- **DATA SEGMENT**

□ □ □ □

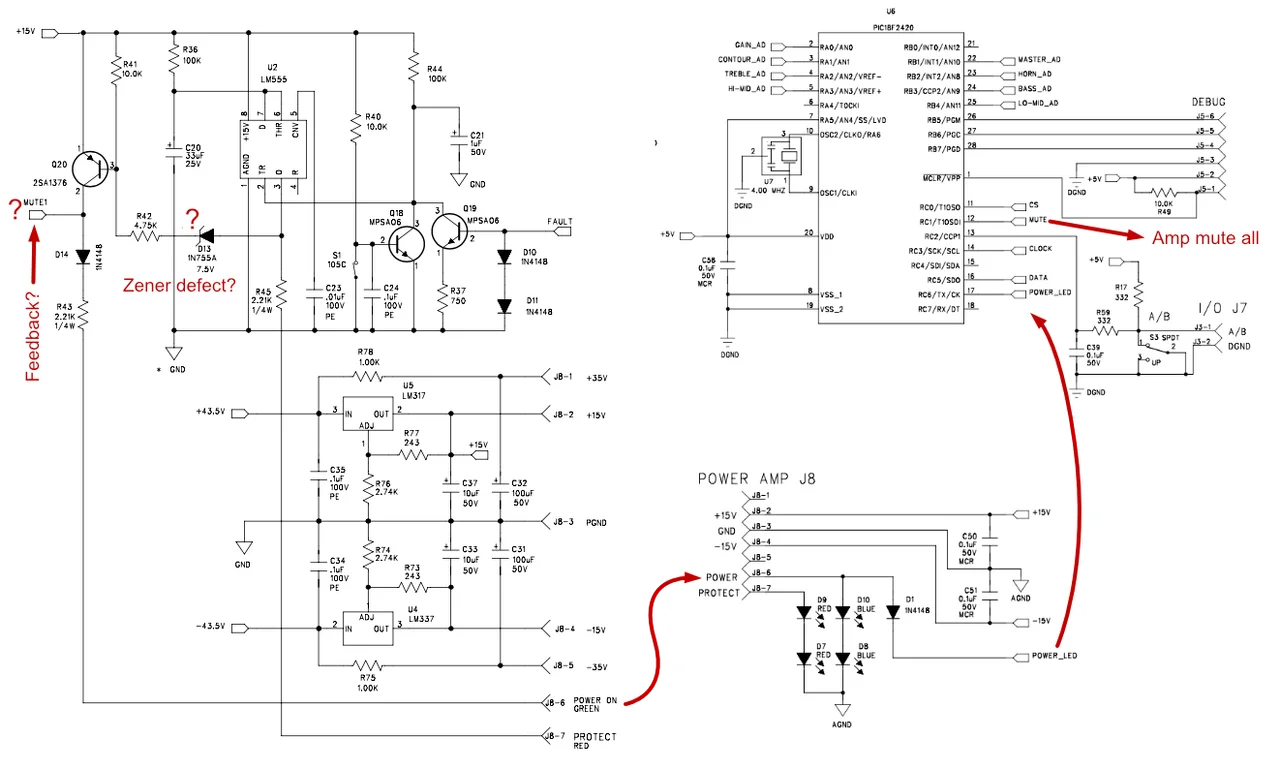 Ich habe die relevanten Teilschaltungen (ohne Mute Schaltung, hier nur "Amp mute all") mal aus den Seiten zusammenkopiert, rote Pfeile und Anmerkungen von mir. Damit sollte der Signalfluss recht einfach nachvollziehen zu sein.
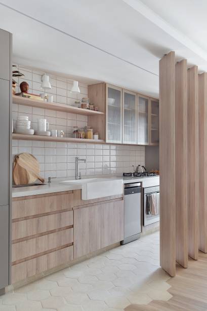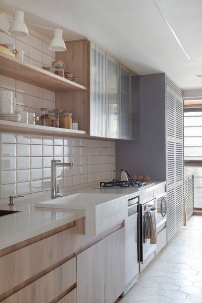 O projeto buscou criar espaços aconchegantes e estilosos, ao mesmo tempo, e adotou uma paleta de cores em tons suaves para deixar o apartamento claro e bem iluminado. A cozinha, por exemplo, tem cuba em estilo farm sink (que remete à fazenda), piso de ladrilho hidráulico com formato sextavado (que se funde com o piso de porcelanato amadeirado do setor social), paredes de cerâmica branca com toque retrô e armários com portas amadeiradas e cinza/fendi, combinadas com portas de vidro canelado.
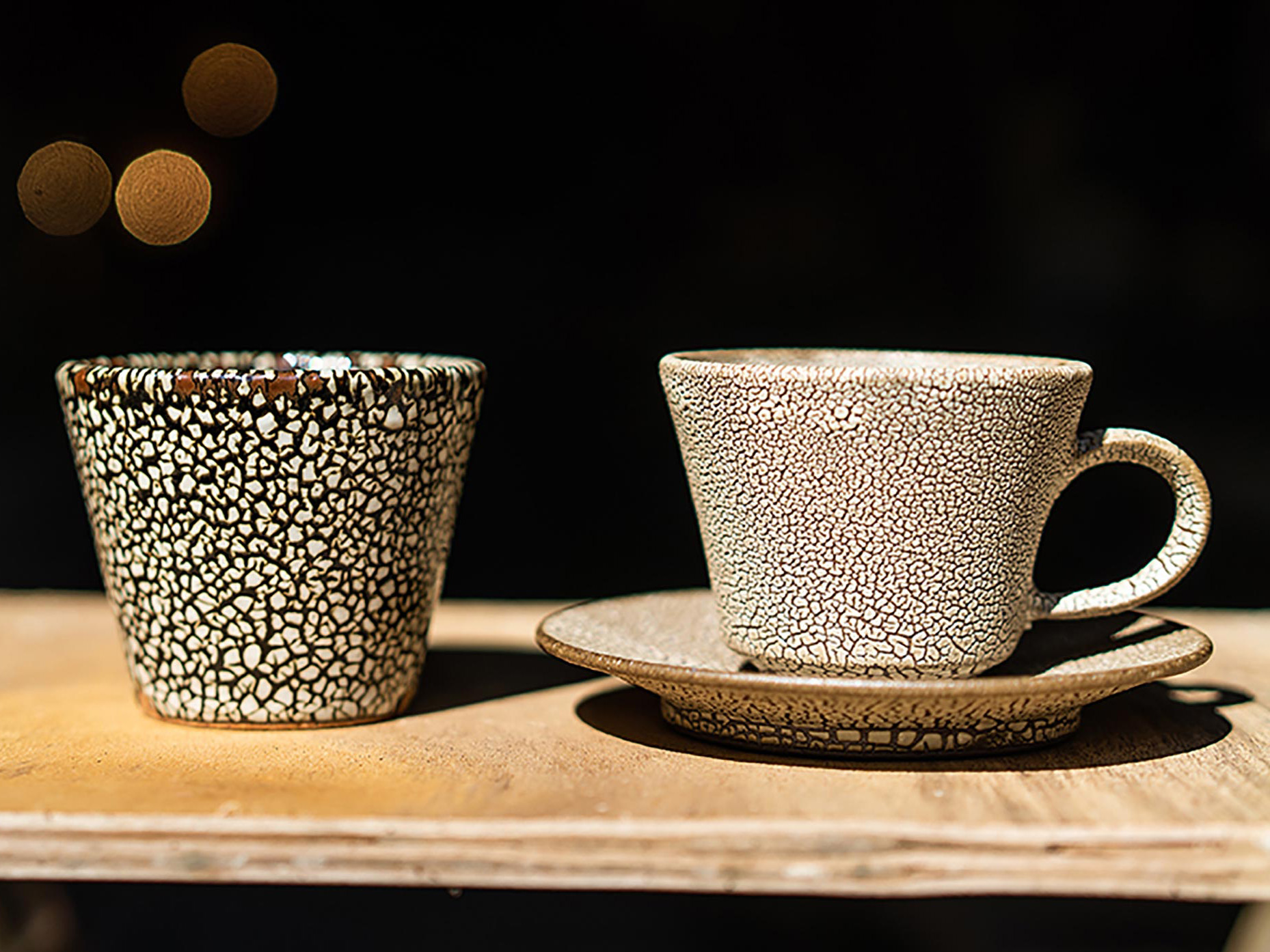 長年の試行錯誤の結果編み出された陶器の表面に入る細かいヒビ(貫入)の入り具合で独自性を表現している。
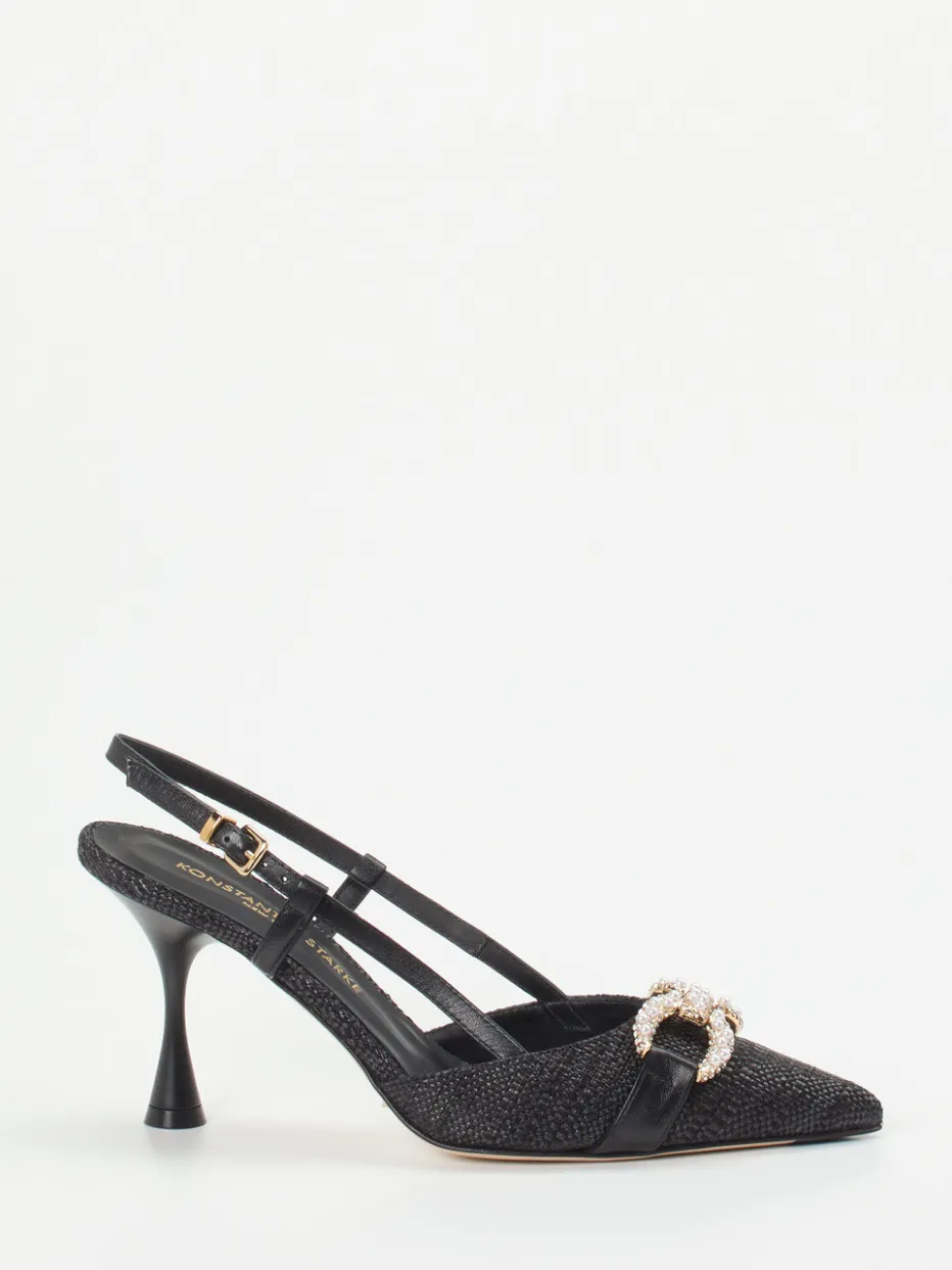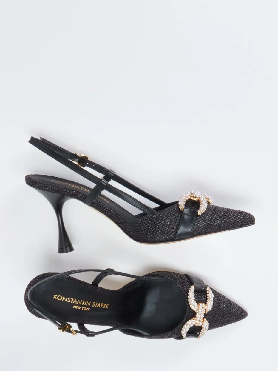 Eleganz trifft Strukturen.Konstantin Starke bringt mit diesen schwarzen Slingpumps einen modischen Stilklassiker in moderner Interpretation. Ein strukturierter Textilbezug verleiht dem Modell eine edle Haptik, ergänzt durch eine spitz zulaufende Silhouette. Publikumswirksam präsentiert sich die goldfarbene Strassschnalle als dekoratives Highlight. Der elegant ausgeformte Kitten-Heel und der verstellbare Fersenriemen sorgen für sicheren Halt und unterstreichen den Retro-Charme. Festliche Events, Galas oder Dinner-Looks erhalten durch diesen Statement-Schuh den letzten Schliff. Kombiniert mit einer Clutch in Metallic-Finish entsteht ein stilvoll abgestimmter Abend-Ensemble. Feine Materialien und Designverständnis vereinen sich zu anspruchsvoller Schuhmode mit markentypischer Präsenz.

□ □ □ □

Using the data above, which lines fall from the one with "O projeto buscou" through the one with "長年の試行錯誤の結果編み出さ"? Repeat them exactly, ends included, minus any pictures.

 O projeto buscou criar espaços aconchegantes e estilosos, ao mesmo tempo, e adotou uma paleta de cores em tons suaves para deixar o apartamento claro e bem iluminado. A cozinha, por exemplo, tem cuba em estilo farm sink (que remete à fazenda), piso de ladrilho hidráulico com formato sextavado (que se funde com o piso de porcelanato amadeirado do setor social), paredes de cerâmica branca com toque retrô e armários com portas amadeiradas e cinza/fendi, combinadas com portas de vidro canelado.
 長年の試行錯誤の結果編み出された陶器の表面に入る細かいヒビ(貫入)の入り具合で独自性を表現している。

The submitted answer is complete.